> **SUPPLIED DATA**:
⟨

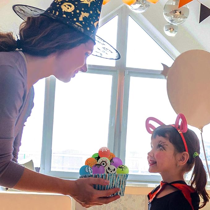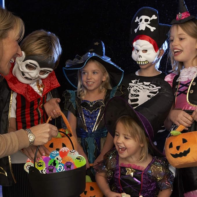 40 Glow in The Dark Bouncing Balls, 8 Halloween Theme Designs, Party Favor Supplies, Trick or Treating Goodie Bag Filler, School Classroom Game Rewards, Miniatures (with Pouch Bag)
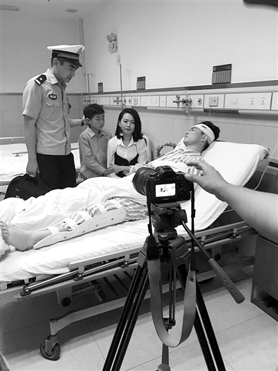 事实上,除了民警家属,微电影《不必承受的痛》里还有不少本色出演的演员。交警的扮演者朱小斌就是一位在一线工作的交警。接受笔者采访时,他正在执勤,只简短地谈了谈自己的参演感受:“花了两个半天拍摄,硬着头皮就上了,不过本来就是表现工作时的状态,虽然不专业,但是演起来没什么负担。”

⟩
⟨

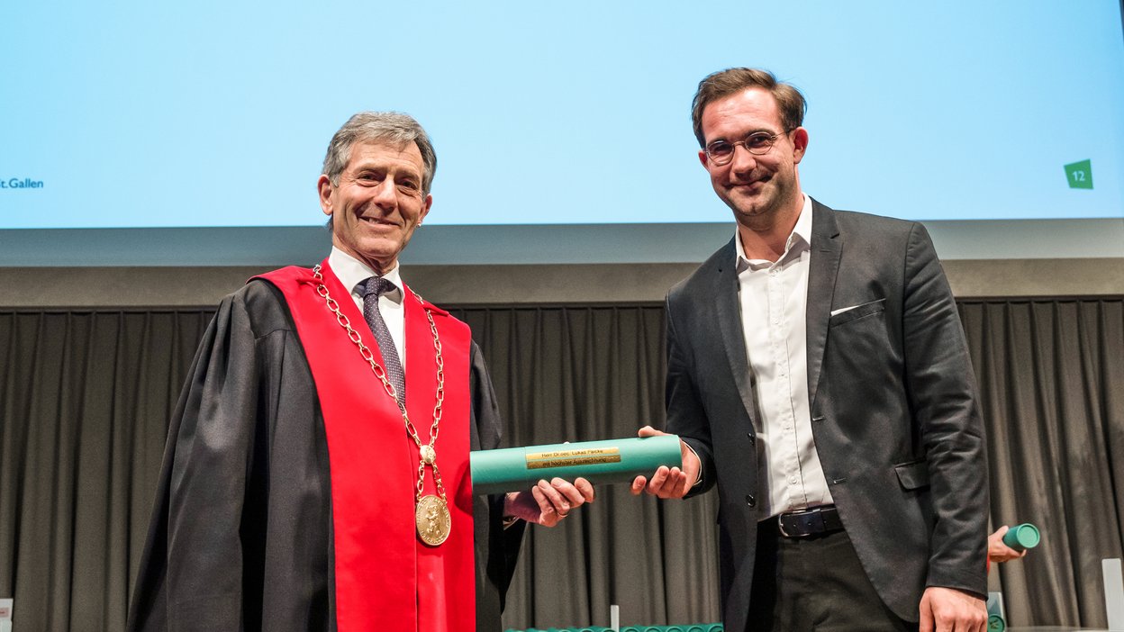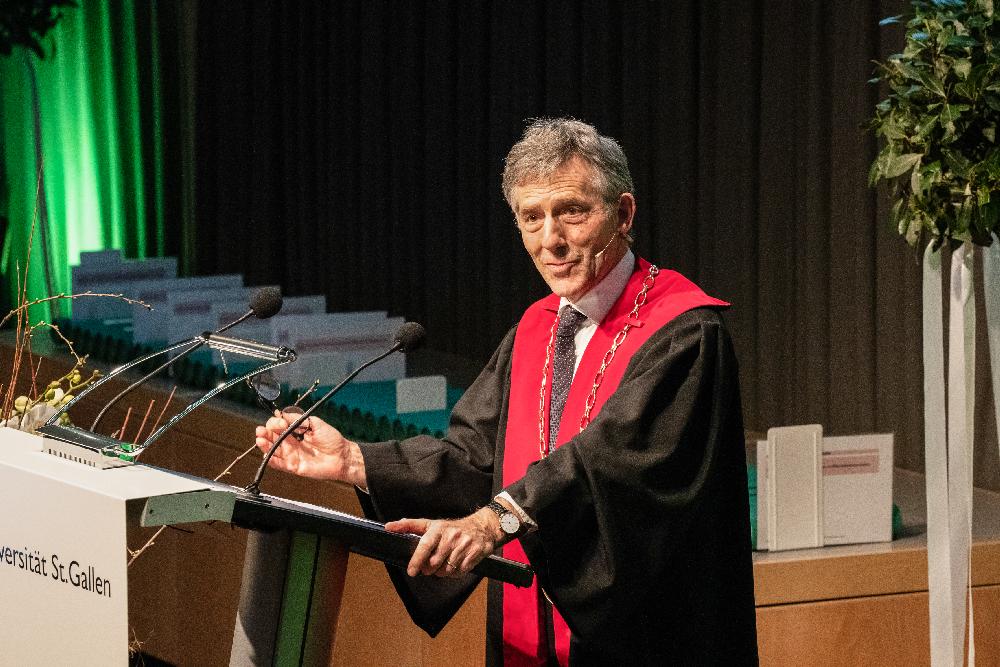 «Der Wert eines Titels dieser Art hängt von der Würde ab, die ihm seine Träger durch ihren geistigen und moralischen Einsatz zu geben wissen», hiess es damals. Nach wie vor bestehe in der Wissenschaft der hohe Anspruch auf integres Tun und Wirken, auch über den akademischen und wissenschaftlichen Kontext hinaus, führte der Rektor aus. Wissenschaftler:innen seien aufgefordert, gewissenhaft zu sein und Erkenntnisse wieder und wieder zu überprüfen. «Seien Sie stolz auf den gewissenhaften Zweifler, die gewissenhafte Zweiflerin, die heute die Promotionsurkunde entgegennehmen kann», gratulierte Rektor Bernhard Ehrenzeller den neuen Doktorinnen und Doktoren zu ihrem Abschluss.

⟩

> **WHAT THE EXERCISE ASKS**: I'd like the lines above repeated exactly, from the one that contains "40 Glow in The" through the one that contains "事实上,除了民警家属,微电影", with no pictures.

> **EXERCISE RESPONSE**:
 40 Glow in The Dark Bouncing Balls, 8 Halloween Theme Designs, Party Favor Supplies, Trick or Treating Goodie Bag Filler, School Classroom Game Rewards, Miniatures (with Pouch Bag)
 事实上,除了民警家属,微电影《不必承受的痛》里还有不少本色出演的演员。交警的扮演者朱小斌就是一位在一线工作的交警。接受笔者采访时,他正在执勤,只简短地谈了谈自己的参演感受:“花了两个半天拍摄,硬着头皮就上了,不过本来就是表现工作时的状态,虽然不专业,但是演起来没什么负担。”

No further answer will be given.